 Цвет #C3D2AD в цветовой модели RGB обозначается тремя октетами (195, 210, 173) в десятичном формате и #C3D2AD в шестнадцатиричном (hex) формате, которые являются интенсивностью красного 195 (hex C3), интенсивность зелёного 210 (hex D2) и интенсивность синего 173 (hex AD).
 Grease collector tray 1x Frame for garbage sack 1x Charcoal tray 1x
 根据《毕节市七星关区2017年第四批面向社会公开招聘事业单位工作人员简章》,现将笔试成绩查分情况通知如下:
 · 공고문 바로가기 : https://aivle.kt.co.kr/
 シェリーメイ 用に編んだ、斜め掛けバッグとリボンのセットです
____
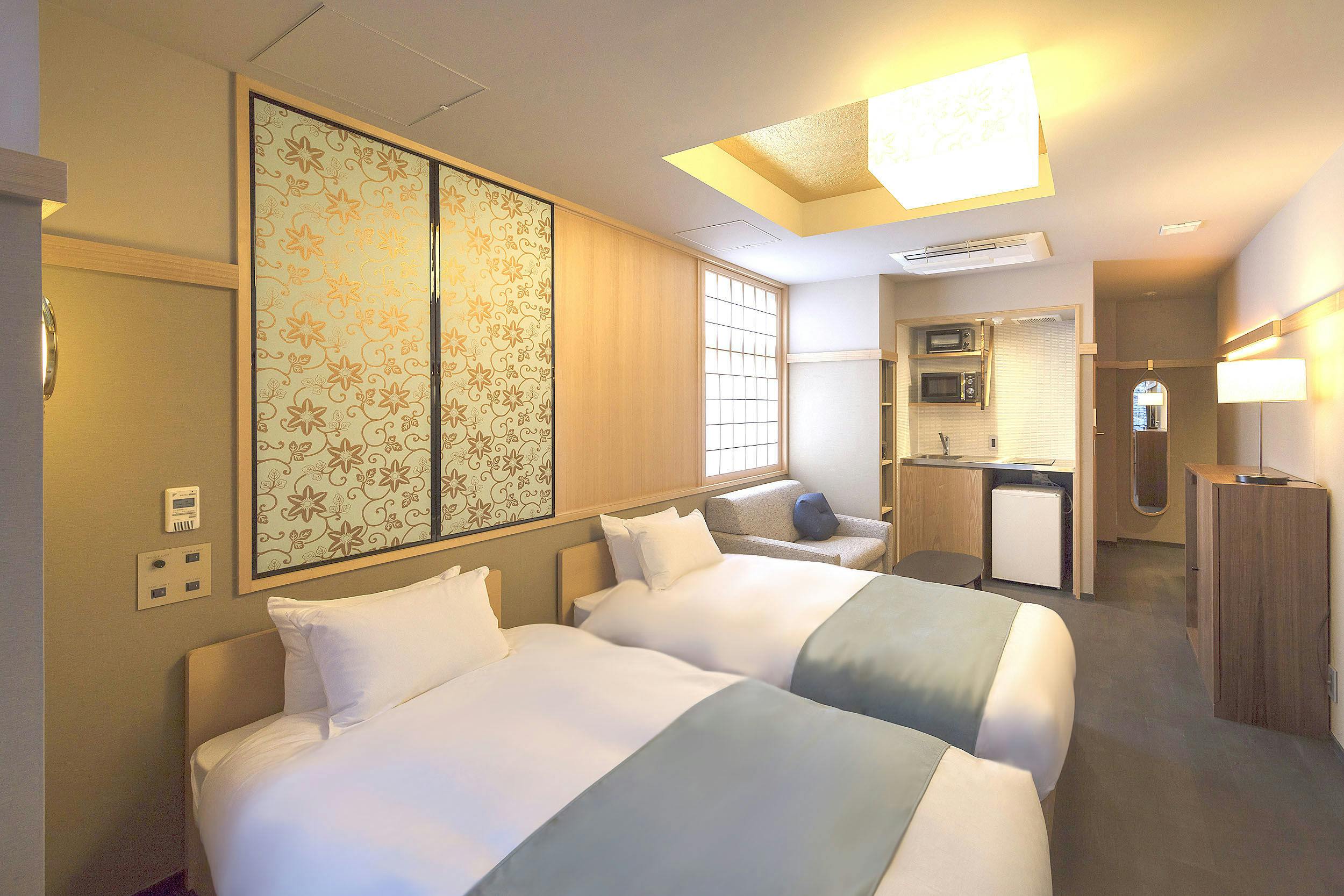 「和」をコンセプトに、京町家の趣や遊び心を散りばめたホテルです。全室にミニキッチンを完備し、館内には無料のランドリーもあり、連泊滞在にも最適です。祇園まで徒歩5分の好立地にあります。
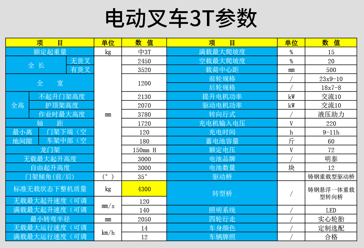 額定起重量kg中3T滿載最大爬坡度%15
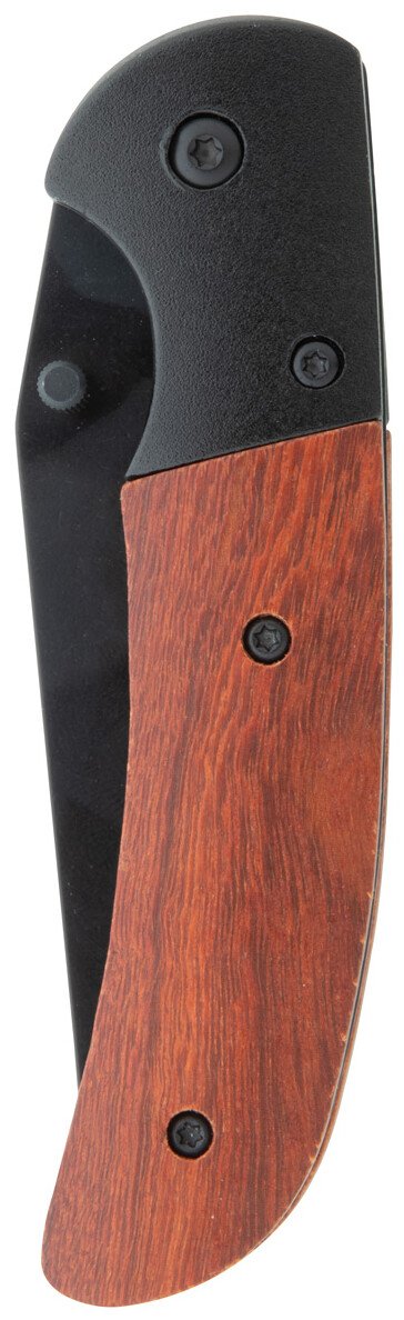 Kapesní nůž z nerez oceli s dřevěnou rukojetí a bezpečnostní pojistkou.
____
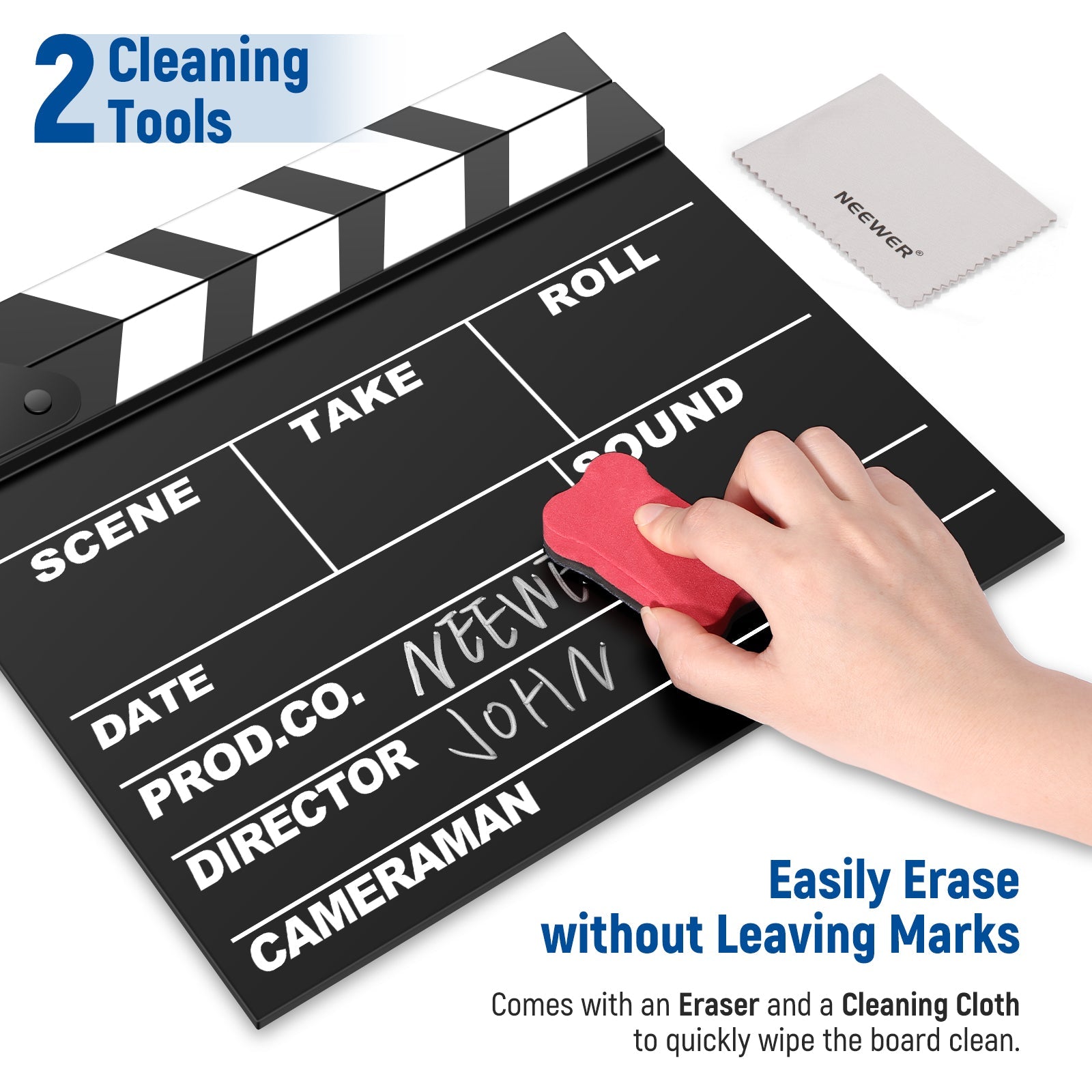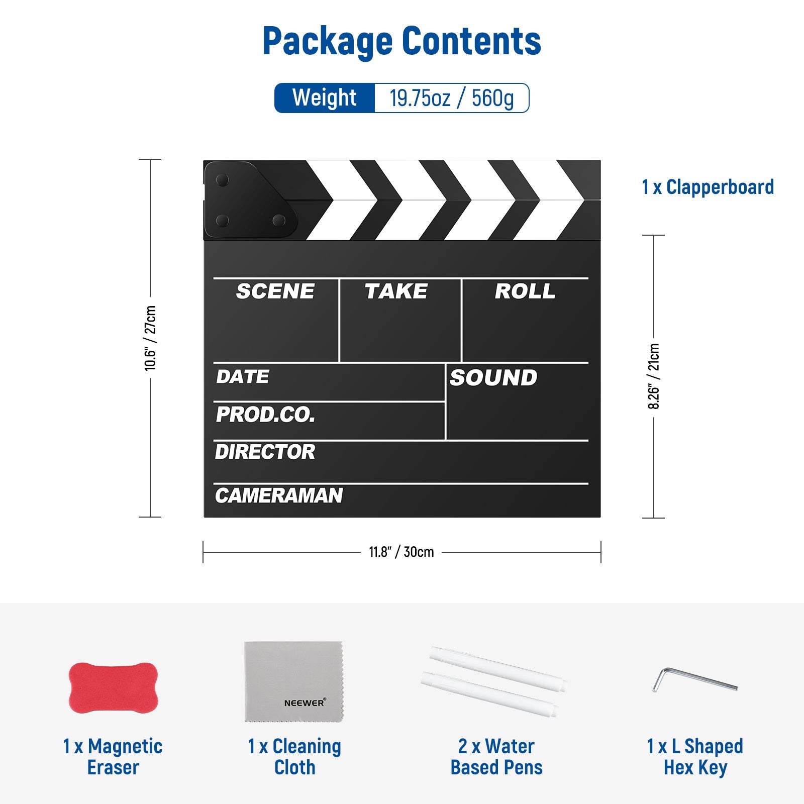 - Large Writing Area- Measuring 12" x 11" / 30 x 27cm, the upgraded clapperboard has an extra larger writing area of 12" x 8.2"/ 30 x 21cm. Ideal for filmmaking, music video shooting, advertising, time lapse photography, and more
____
*Brief*: Retype exactly the lines above, from the one with "Цвет #C3D2AD в" through the one with "シェリーメイ 用に編んだ、斜め掛けバッグとリボンのセットです", inclusive.

*Written solution*:
 Цвет #C3D2AD в цветовой модели RGB обозначается тремя октетами (195, 210, 173) в десятичном формате и #C3D2AD в шестнадцатиричном (hex) формате, которые являются интенсивностью красного 195 (hex C3), интенсивность зелёного 210 (hex D2) и интенсивность синего 173 (hex AD).
 Grease collector tray 1x Frame for garbage sack 1x Charcoal tray 1x
 根据《毕节市七星关区2017年第四批面向社会公开招聘事业单位工作人员简章》,现将笔试成绩查分情况通知如下:
 · 공고문 바로가기 : https://aivle.kt.co.kr/
 シェリーメイ 用に編んだ、斜め掛けバッグとリボンのセットです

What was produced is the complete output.